## PROBLEM DETAILS:
Take the entries below and reproduce exactly the portion that begins at the line containing "3RV 3.2 WYŁĄCZNIK" and ends at the line containing "Москва. 6 августа.", keeping both ends, dropping pictures, and adding nothing else.

## RAW DATA:

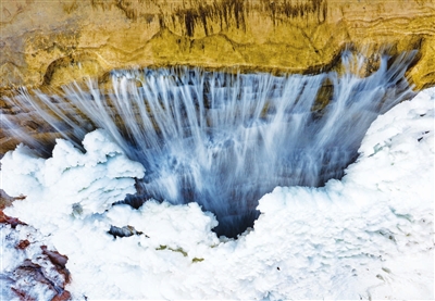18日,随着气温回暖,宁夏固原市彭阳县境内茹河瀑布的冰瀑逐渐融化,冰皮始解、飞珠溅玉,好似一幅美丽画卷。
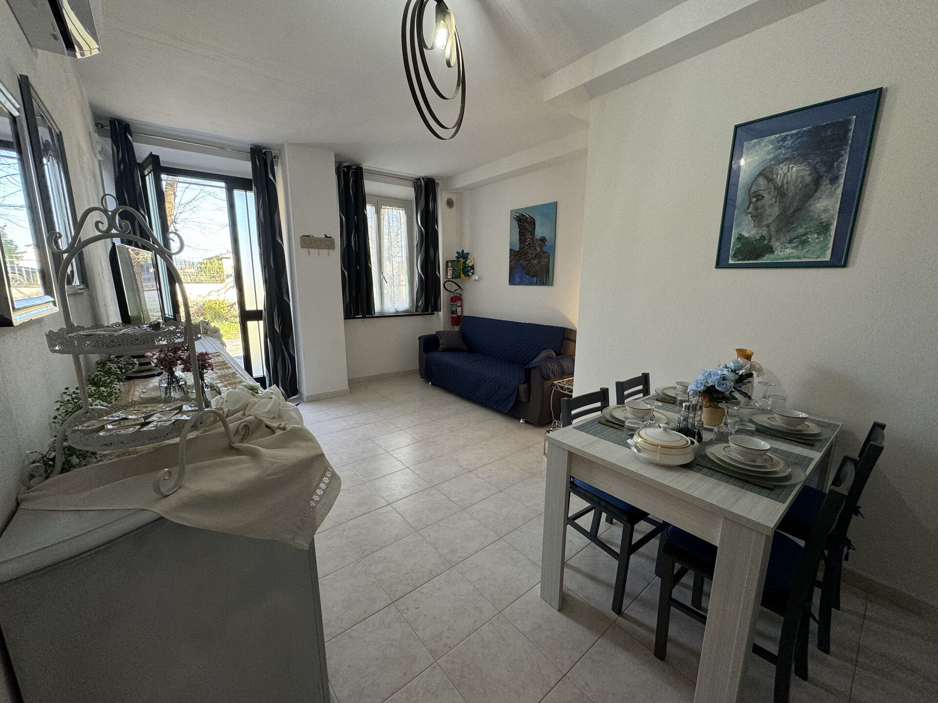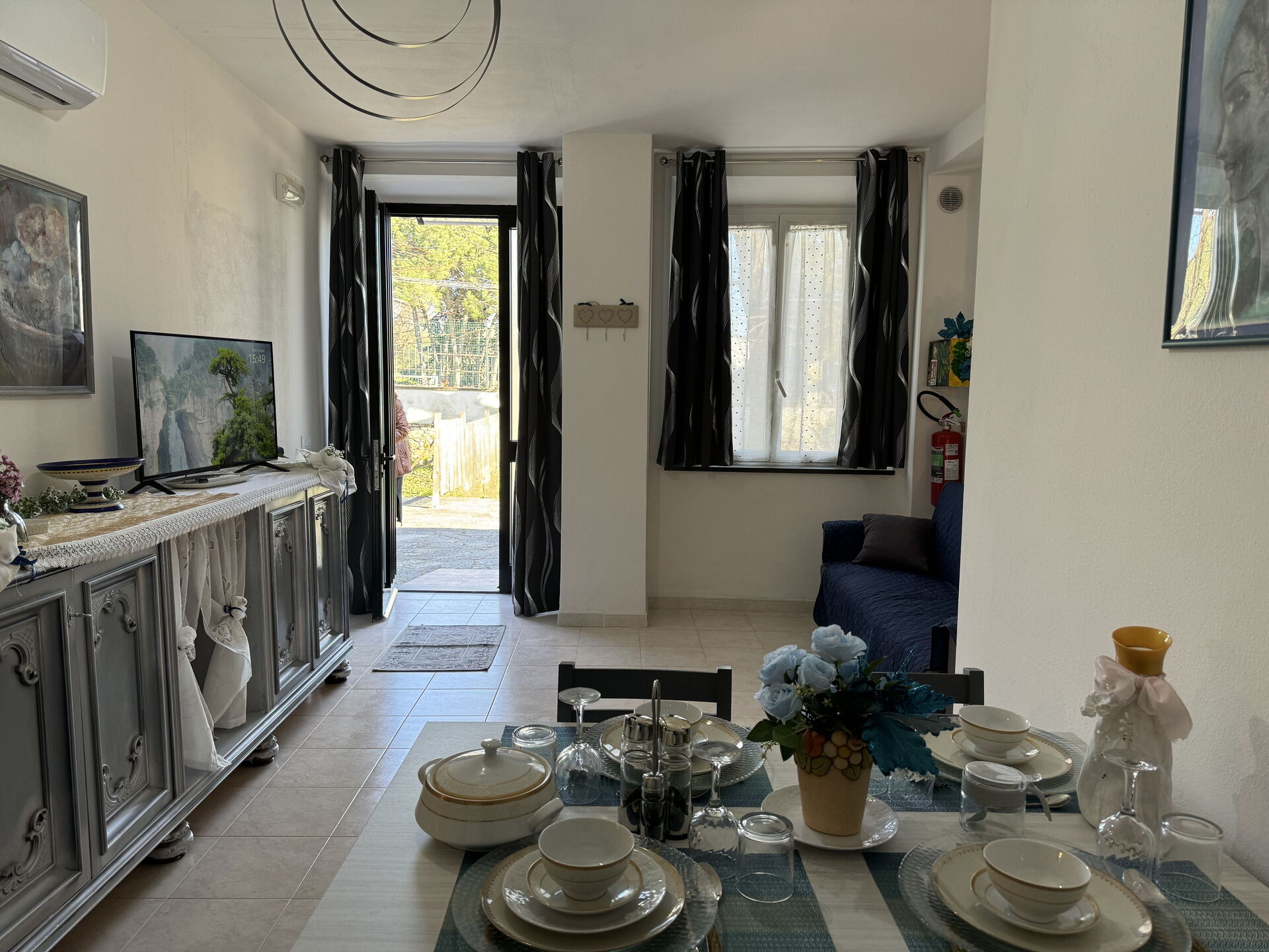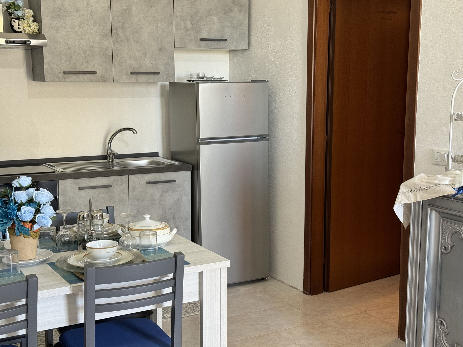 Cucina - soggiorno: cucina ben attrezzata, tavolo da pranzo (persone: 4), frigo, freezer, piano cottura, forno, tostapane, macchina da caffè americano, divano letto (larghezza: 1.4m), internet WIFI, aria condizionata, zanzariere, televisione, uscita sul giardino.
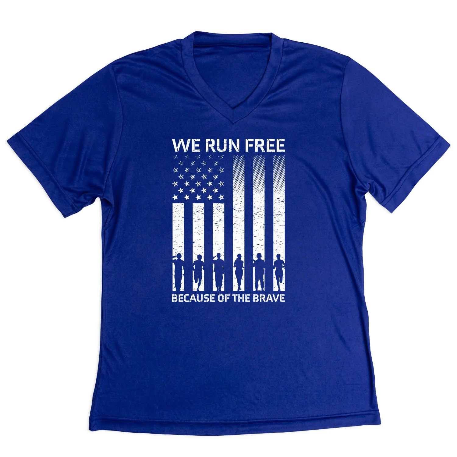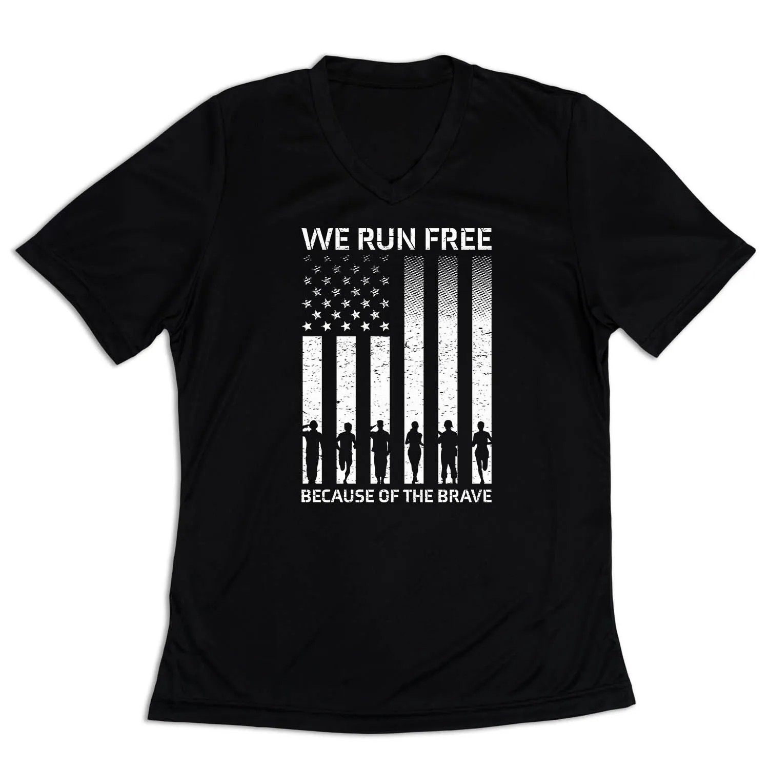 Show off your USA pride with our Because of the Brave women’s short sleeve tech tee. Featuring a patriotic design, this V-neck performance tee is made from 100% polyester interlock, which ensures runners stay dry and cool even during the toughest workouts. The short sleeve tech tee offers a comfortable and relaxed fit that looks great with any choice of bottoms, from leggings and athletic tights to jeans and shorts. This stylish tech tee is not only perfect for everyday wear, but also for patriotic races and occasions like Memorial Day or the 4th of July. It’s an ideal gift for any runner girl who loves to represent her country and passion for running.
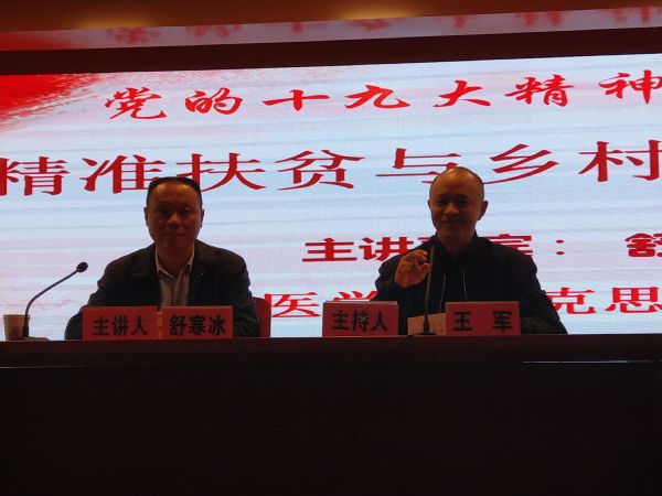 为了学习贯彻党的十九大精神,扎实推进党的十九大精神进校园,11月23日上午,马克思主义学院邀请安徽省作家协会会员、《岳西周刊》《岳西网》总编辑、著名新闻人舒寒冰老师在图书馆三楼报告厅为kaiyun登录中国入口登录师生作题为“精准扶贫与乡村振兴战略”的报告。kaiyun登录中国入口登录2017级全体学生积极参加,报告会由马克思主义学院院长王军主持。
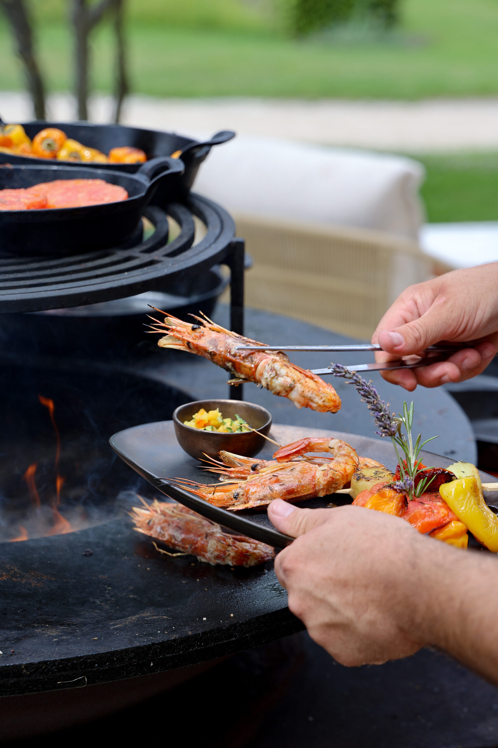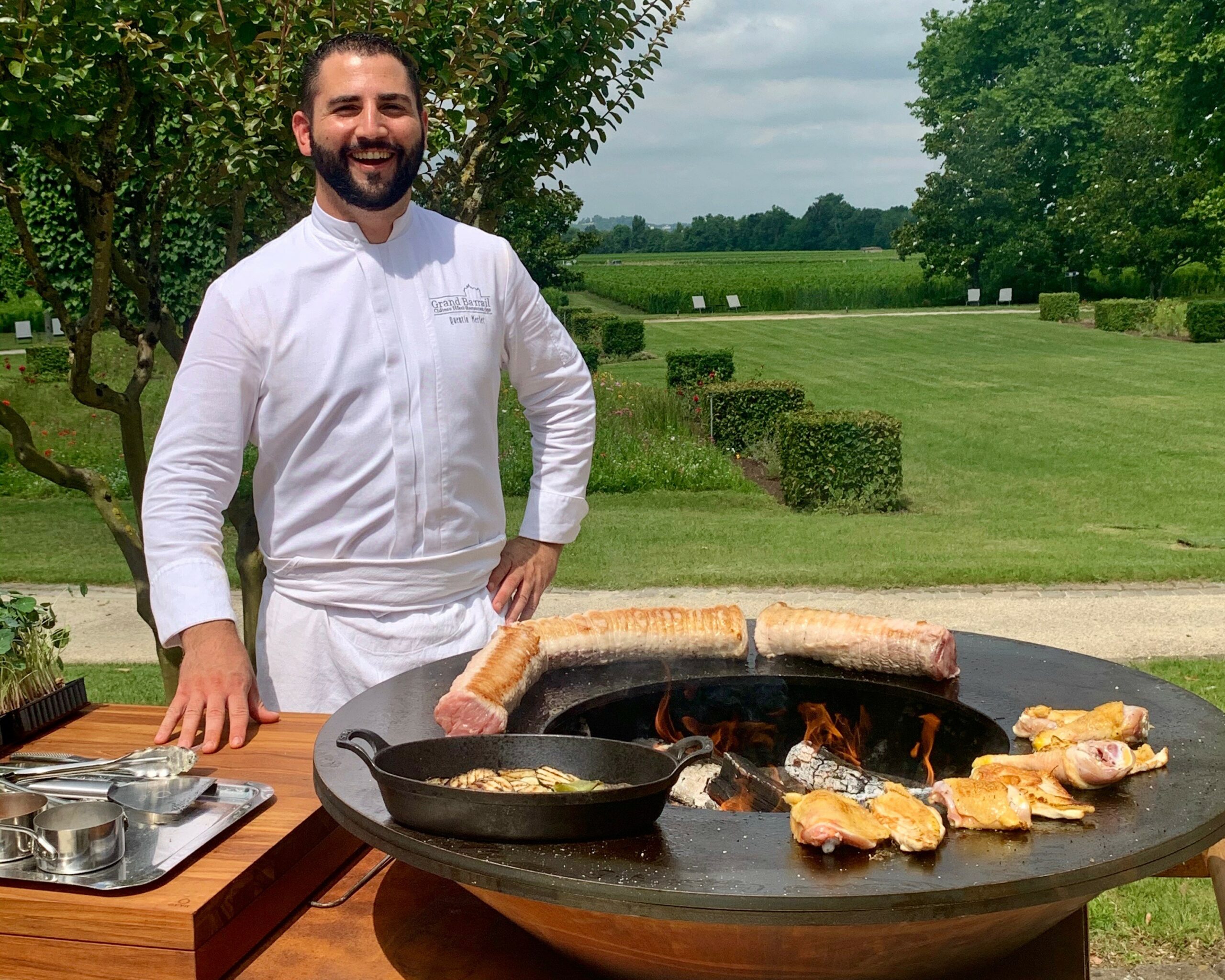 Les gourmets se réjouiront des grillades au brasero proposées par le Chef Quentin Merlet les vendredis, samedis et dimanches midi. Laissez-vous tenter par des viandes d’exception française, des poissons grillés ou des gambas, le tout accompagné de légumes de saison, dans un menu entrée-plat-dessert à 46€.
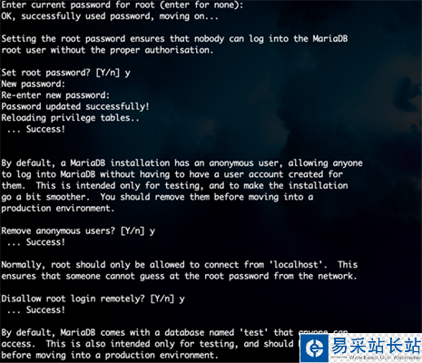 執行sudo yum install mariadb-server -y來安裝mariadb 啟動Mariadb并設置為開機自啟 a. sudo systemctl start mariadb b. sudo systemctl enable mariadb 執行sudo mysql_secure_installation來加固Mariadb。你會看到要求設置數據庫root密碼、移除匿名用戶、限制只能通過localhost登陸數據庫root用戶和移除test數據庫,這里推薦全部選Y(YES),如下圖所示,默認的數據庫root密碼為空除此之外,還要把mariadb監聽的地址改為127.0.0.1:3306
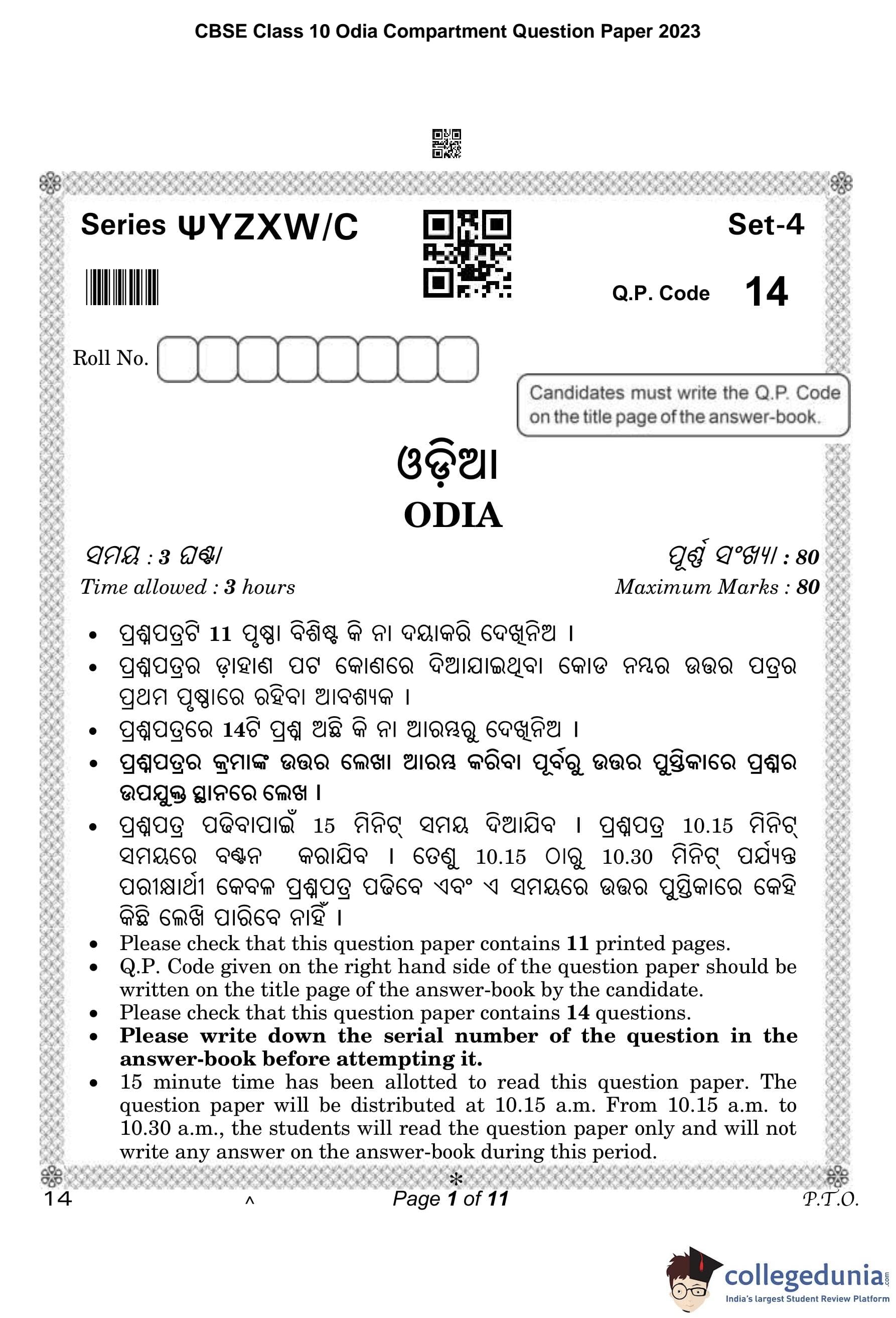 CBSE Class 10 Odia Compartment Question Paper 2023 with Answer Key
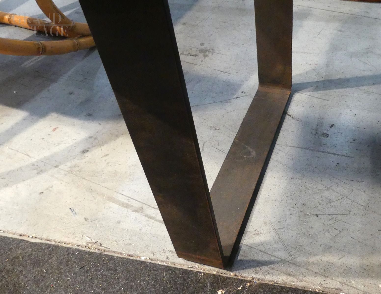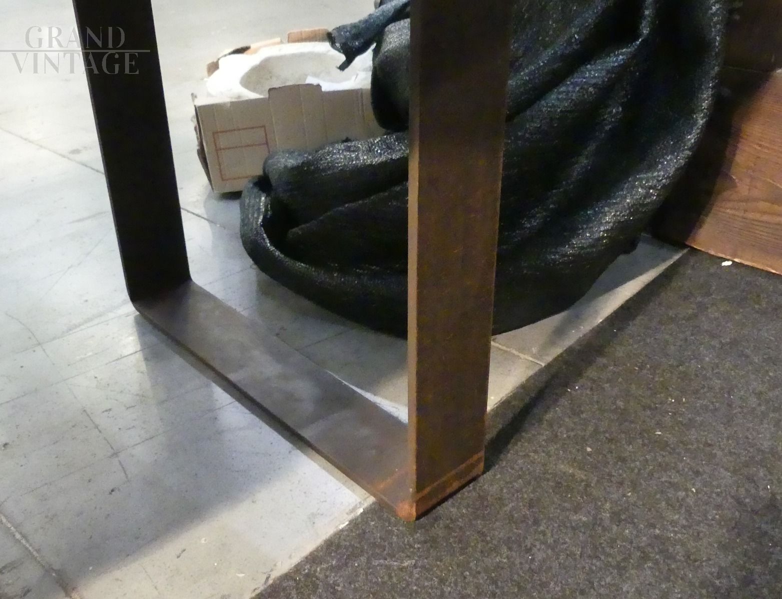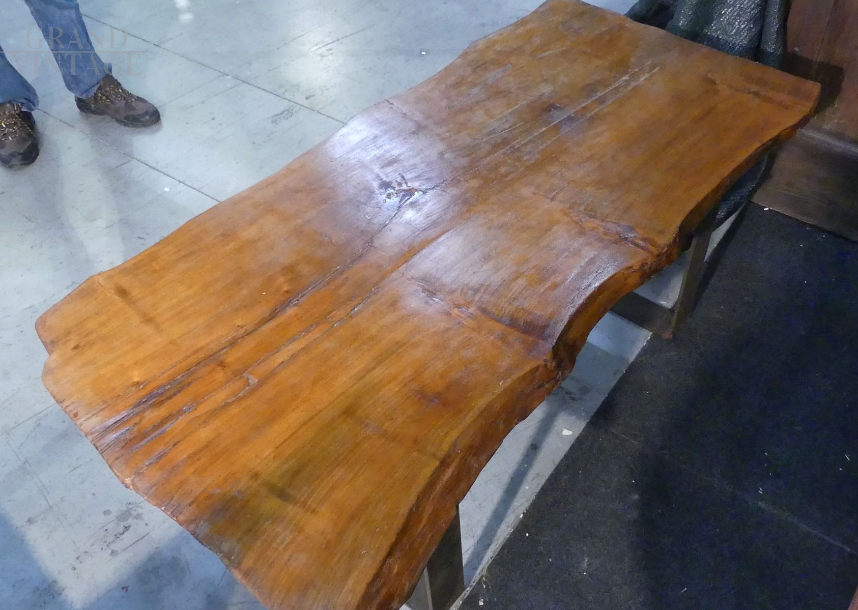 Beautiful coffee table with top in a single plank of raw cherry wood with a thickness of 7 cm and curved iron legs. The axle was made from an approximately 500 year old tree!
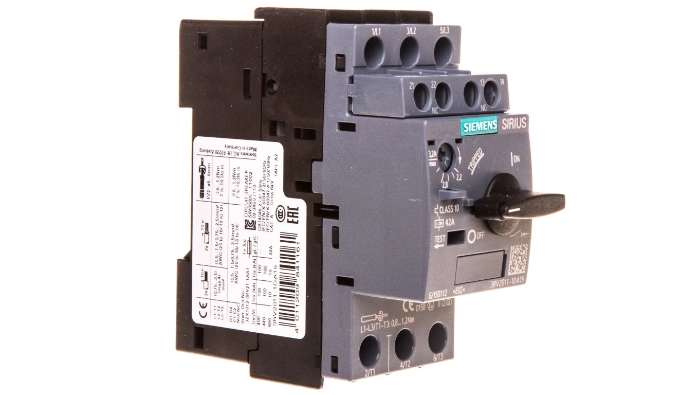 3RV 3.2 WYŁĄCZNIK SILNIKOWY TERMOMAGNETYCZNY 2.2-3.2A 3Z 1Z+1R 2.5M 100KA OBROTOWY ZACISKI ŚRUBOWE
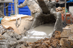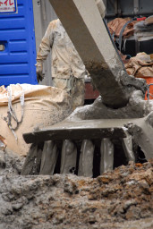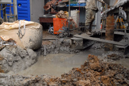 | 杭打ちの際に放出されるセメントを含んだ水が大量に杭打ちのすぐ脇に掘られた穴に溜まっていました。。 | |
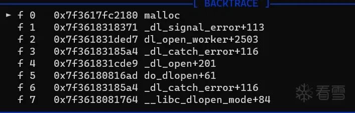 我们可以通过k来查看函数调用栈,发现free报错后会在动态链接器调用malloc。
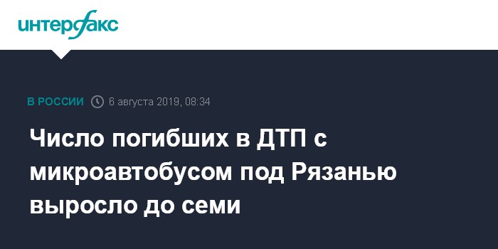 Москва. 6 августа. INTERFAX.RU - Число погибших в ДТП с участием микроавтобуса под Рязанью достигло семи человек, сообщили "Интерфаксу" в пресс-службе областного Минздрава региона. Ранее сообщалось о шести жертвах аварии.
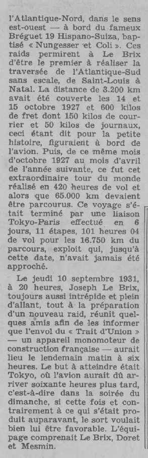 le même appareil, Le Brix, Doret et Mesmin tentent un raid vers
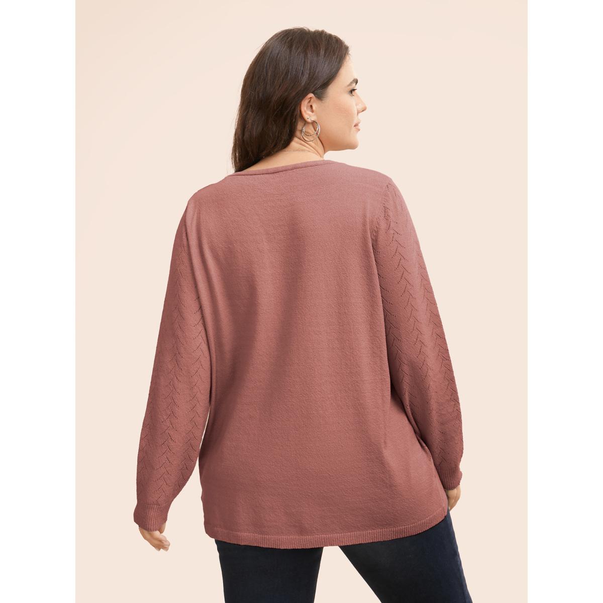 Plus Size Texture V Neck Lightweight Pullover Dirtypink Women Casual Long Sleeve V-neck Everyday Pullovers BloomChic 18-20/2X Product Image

## RESPONSE AREA:
 3RV 3.2 WYŁĄCZNIK SILNIKOWY TERMOMAGNETYCZNY 2.2-3.2A 3Z 1Z+1R 2.5M 100KA OBROTOWY ZACISKI ŚRUBOWE
 | 杭打ちの際に放出されるセメントを含んだ水が大量に杭打ちのすぐ脇に掘られた穴に溜まっていました。。 | |
 我们可以通过k来查看函数调用栈,发现free报错后会在动态链接器调用malloc。
 Москва. 6 августа. INTERFAX.RU - Число погибших в ДТП с участием микроавтобуса под Рязанью достигло семи человек, сообщили "Интерфаксу" в пресс-службе областного Минздрава региона. Ранее сообщалось о шести жертвах аварии.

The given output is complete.